The thirty years of landscape architecture at UWA is a milestone worth recognising, not least because the graduates from the degree programs since the first completions in 1995 have indelibly shaped landscapes and the landscape architecture profession in WA and beyond. The alliance we enjoy here between academy and profession is special and brings great value to our program, our students, and our graduates. This LA30 celebration is, importantly, a way of sharing our intersecting journeys and achievements.

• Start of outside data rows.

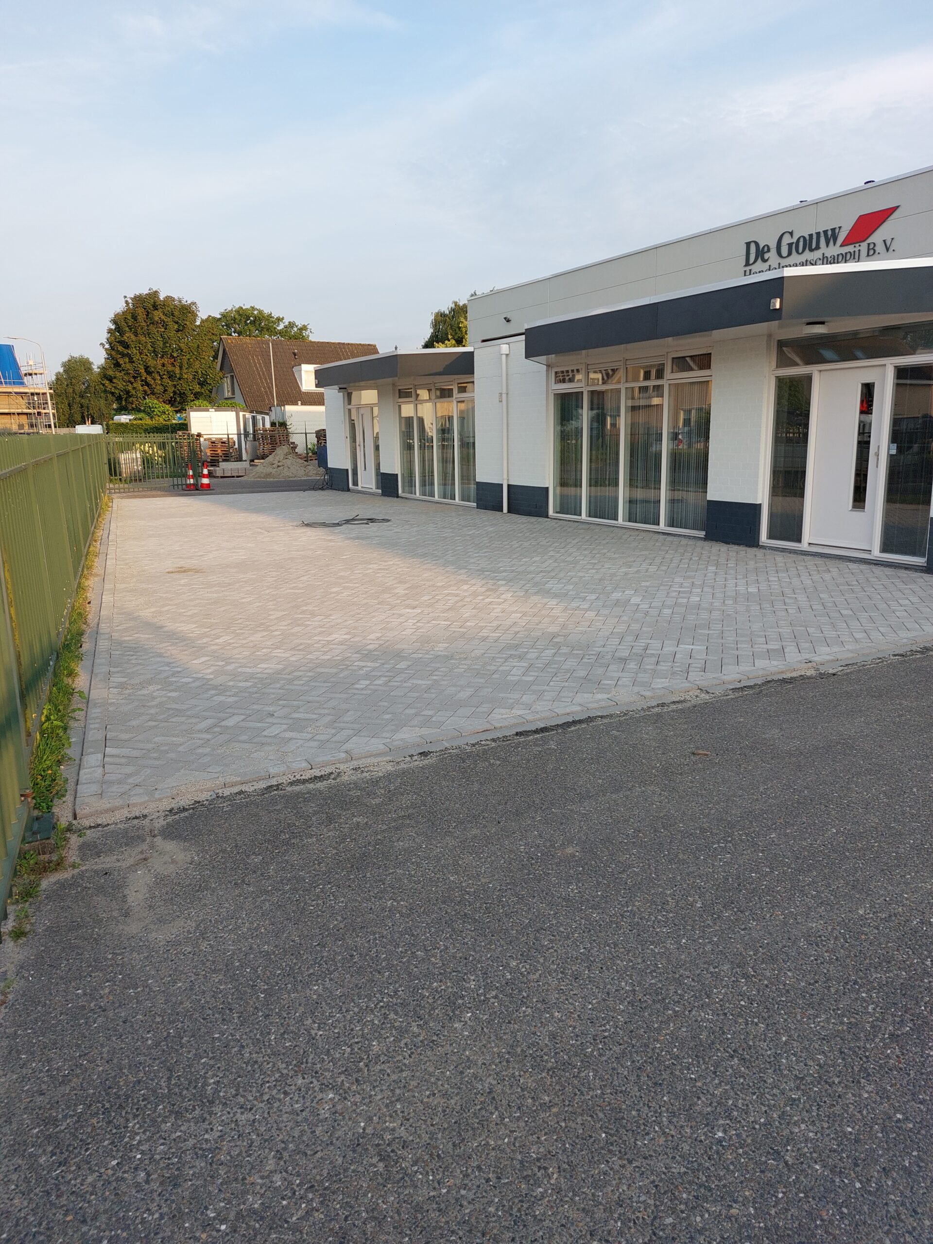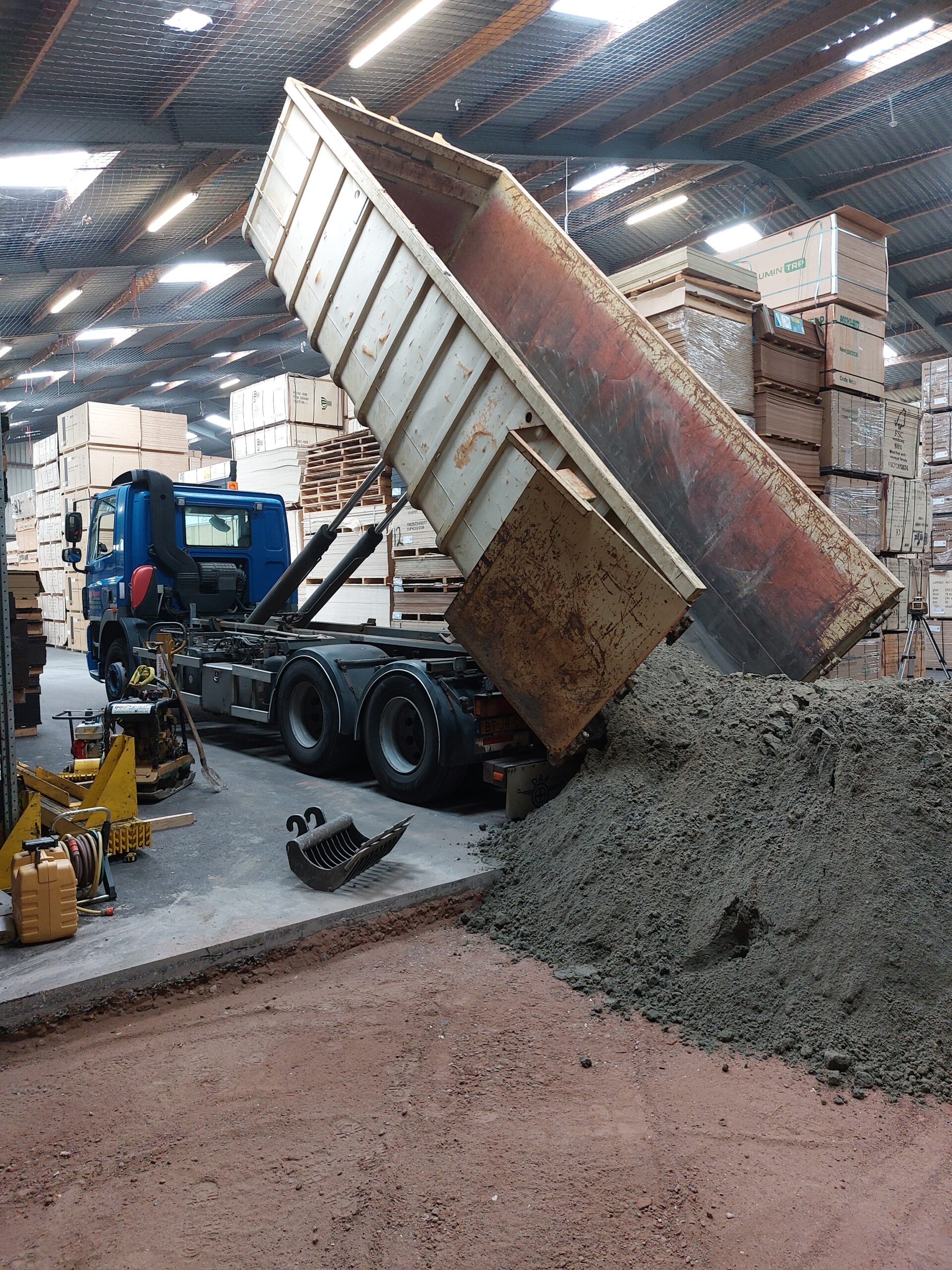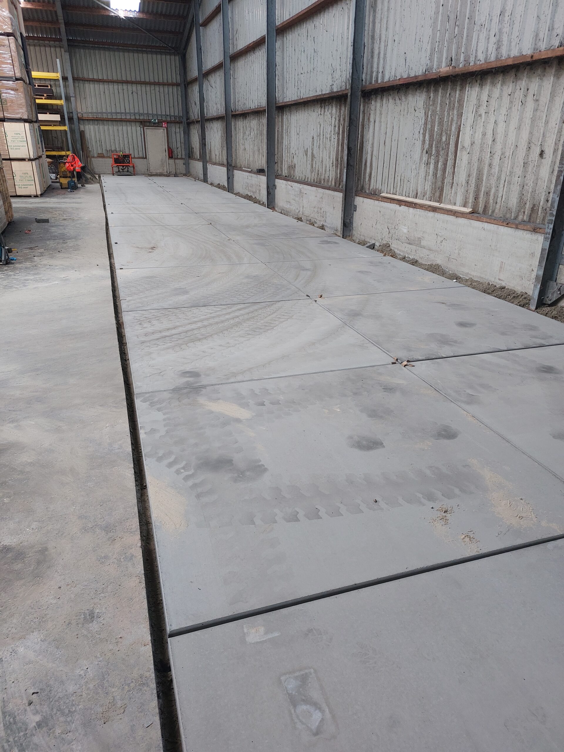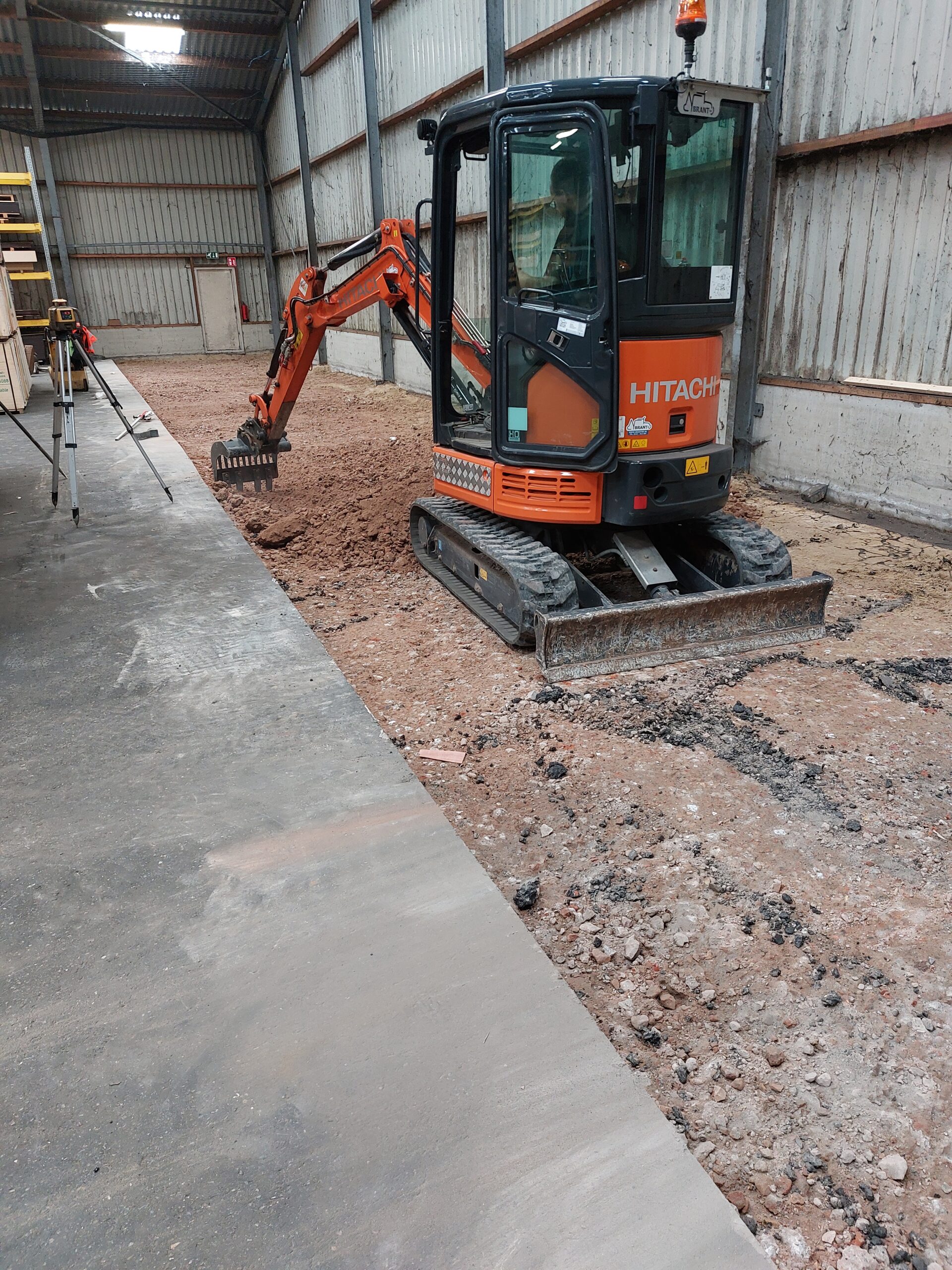 Uitbreken asfalt in loods en aanleg 130m2 betonplaten 200x200cm.
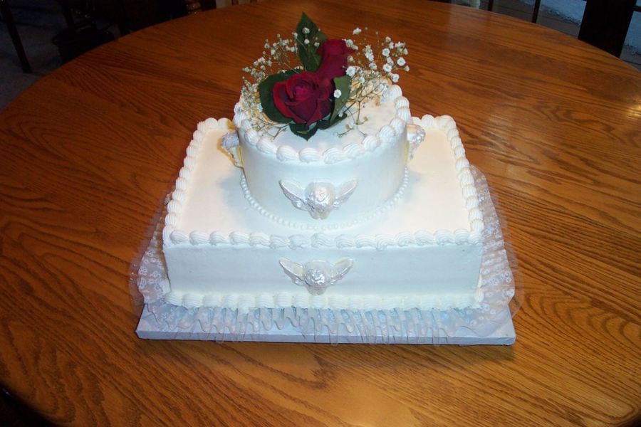 I wanted to make an elegant birthday cake for a friend. The Cherubs are white chocolate covered with pearl juster dust. The top layer is rimmed with candy pearls.
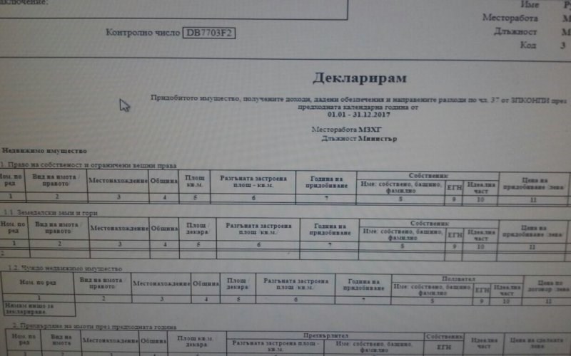Това стана ясно, след като в. "Сега" изисква и получава от земеделското министерство копие на подадената декларация. Интересното е, че то е заверено с печат "Вярно с оригинала", поставен от КПКОНПИ вчера, с което комисията на практика потвърждава, че информацията на сайта е невярна. Това за пореден път поставя под въпрос ефективността на контрола върху имуществото на висшите лица и достоверността на данните, публично предоставяни от антикорупционната комисия.
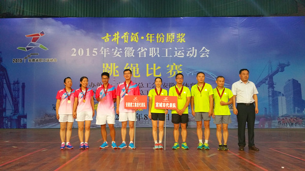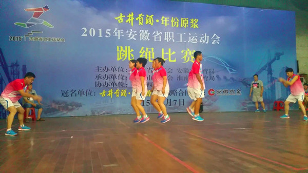 8月7日,,, ,,2015年安徽省职工运动会跳绳角逐在淮南市举行,,, ,,365英国上市代表队8名运发动,,, ,,同心协力,,, ,,顽强拼搏,,, ,,在4个大项的角逐中,,, ,,共夺得二项冠军、一项亚军、二个第三名,,, ,,总效果名列乙组第一,,, ,,为安徽365英国上市争得了声誉。。

Graduates from our program are far flung – from Broome to the South-West, to Sydney, and Berkleigh. They are practitioners, academics, advocates. And they share a common grounding in the central role played by design as a poetic, propositional and pragmatic force in the conceptualisation of landscapes across micro and macro scales; in urban, regional and remote environments. The design paradigm continues to distinguish the education and practice of landscape architecture from allied fields also associated with the planning, planting and maintenance of the landscape environment. Those educated here have enjoyed and complemented the emphasis placed not only on design, but also theory and, of increasing importance in today's circumstances, on culture, care for Country, and the sharing of space. Biodiversity, urban ecology, blue-green infrastructure, and the opportunities for urban greening are increasingly permeating parlance, curriculum, and research.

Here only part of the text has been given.